Data excerpt:
#####

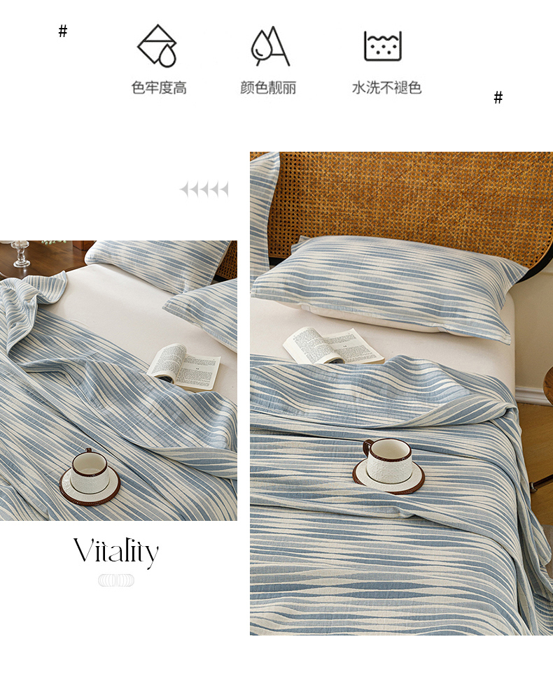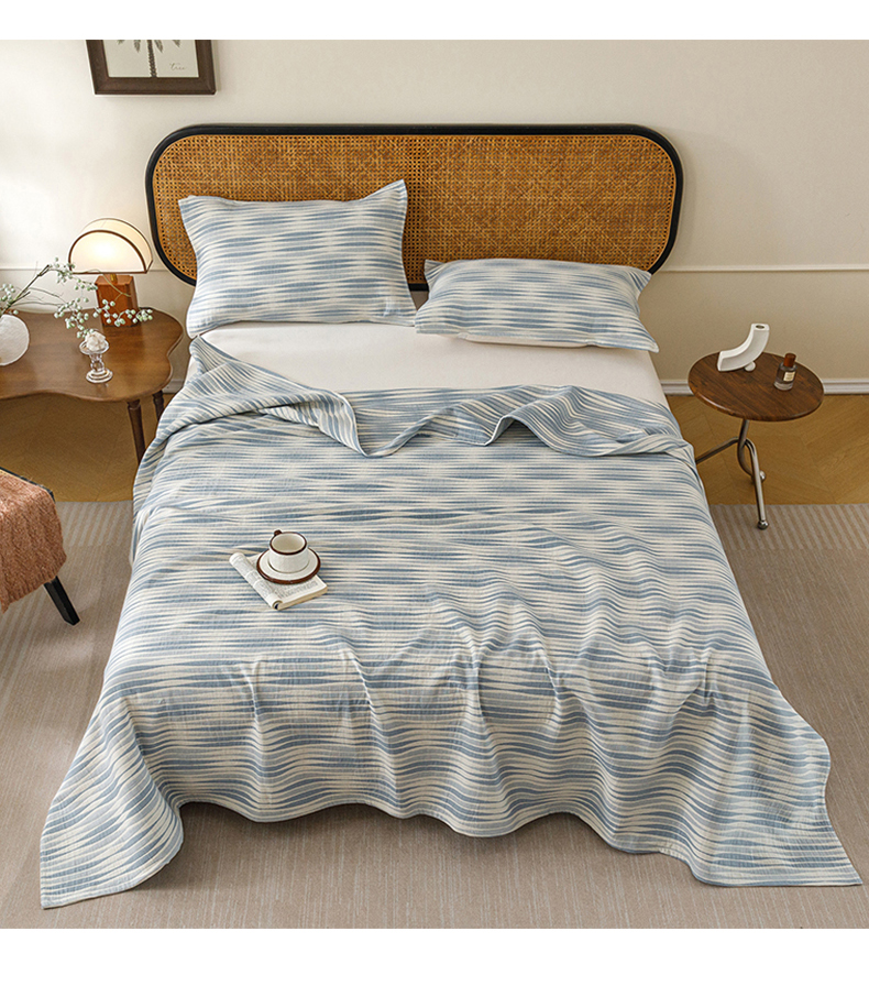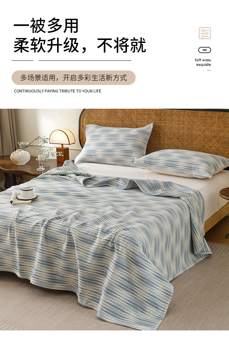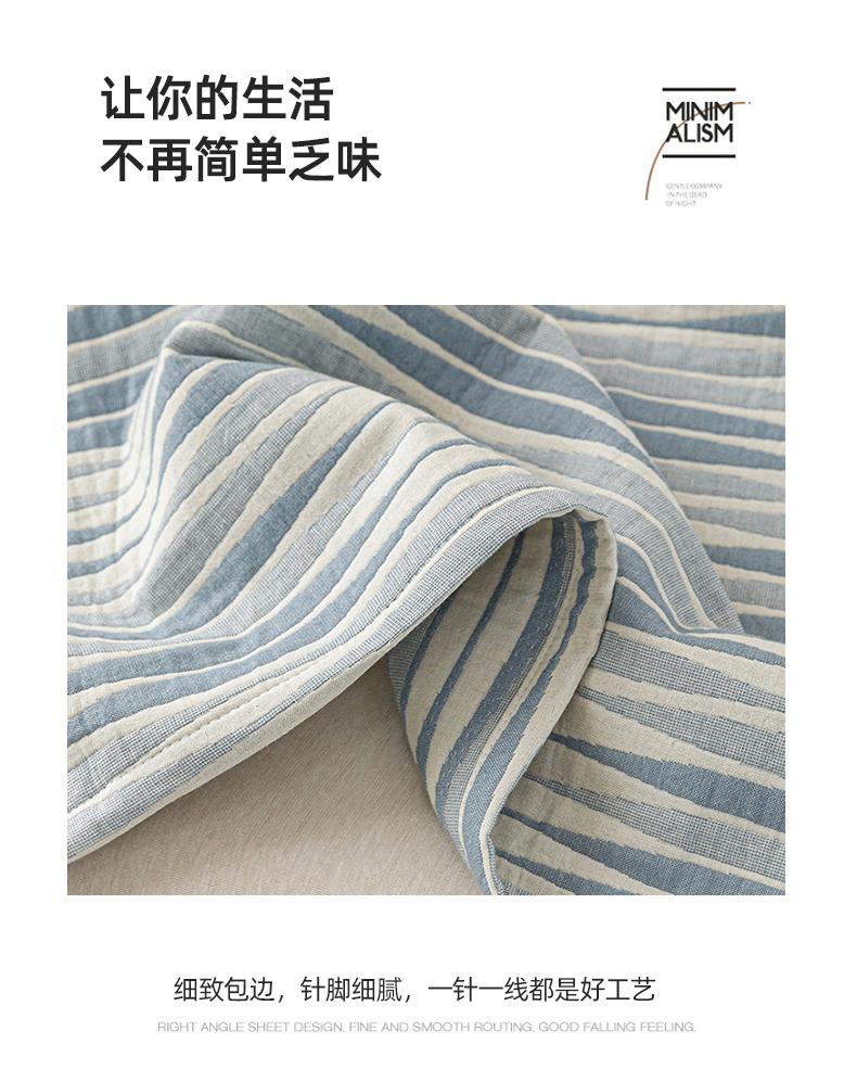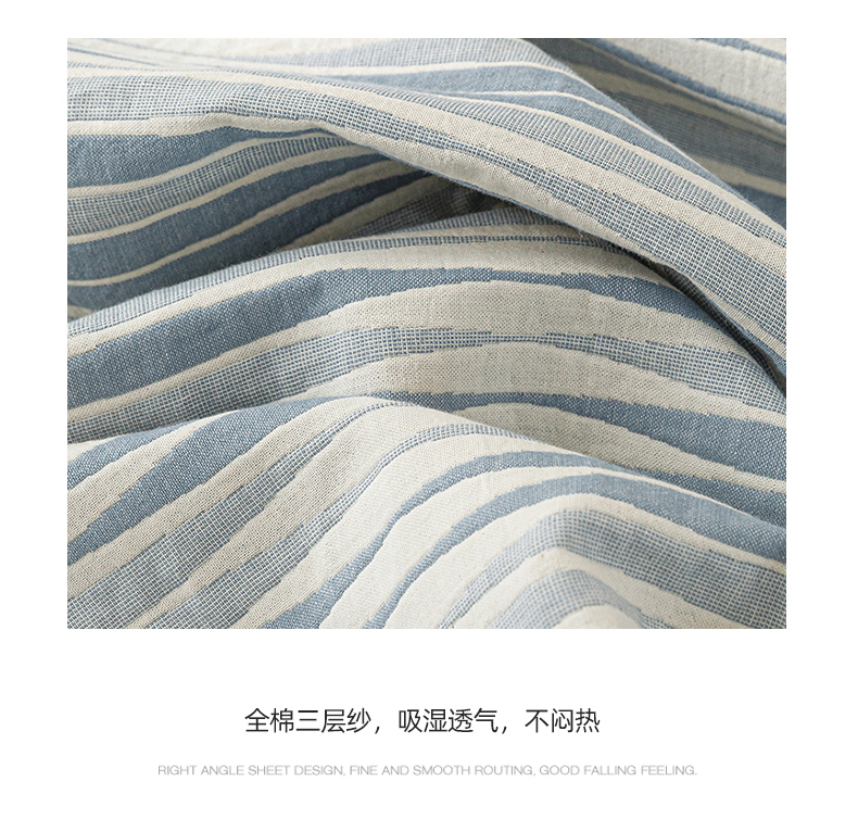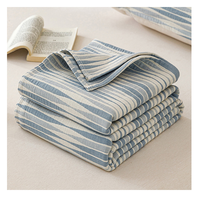 悦然毛巾被 2026新款条纹全棉纯棉色织三层纱毛巾被休闲盖毯毯子 竹影蓝
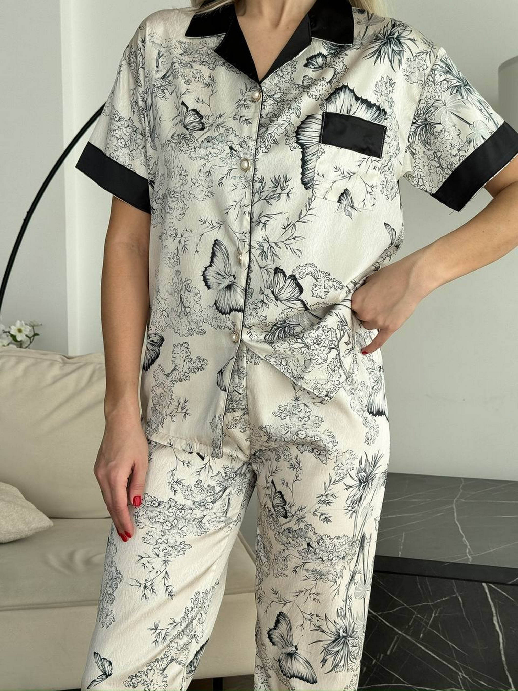 Піжама складається з сорочки та штанів на резинці з високою зручною посадкою. Виконана з натурального шовку. Комплект поєднує в собі комфорт та елегантність, ідеально підходить для домашнього відпочинку та сну. Розміри: М: груди 85-93, стегна 87-94 см L : груди 93-97, стегна 95-100 см XL: груди 97-102, стегна 100-106 см 2XL: груди 102-107, стегна 106-112 см
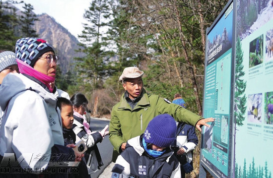 王朗片區(qū)還推出“給原始森林做體檢”主題線路,訪客們可通過這條線路進行研學(xué)探究。“聽解說加上學(xué)習(xí)標(biāo)識牌上的科普知識,即使是第一次來這里,也能很好地了解動植物知識。”第一次來到這里的成都游客林女士說,王朗既能玩雪,又能學(xué)習(xí)生態(tài)科普知識,孩子特別感興趣。
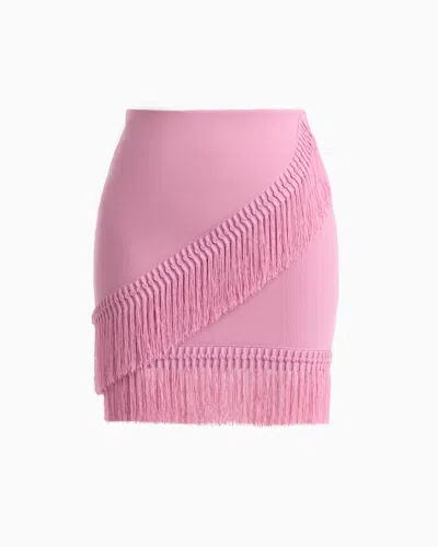 Kim Fringe Mini Skirt In Dusty Rose In Pink

#####

Required work:
Omit every picture while printing the data word for word.

Task solution:
 悦然毛巾被 2026新款条纹全棉纯棉色织三层纱毛巾被休闲盖毯毯子 竹影蓝
 Піжама складається з сорочки та штанів на резинці з високою зручною посадкою. Виконана з натурального шовку. Комплект поєднує в собі комфорт та елегантність, ідеально підходить для домашнього відпочинку та сну. Розміри: М: груди 85-93, стегна 87-94 см L : груди 93-97, стегна 95-100 см XL: груди 97-102, стегна 100-106 см 2XL: груди 102-107, стегна 106-112 см
 王朗片區(qū)還推出“給原始森林做體檢”主題線路,訪客們可通過這條線路進行研學(xué)探究。“聽解說加上學(xué)習(xí)標(biāo)識牌上的科普知識,即使是第一次來這里,也能很好地了解動植物知識。”第一次來到這里的成都游客林女士說,王朗既能玩雪,又能學(xué)習(xí)生態(tài)科普知識,孩子特別感興趣。
 Kim Fringe Mini Skirt In Dusty Rose In Pink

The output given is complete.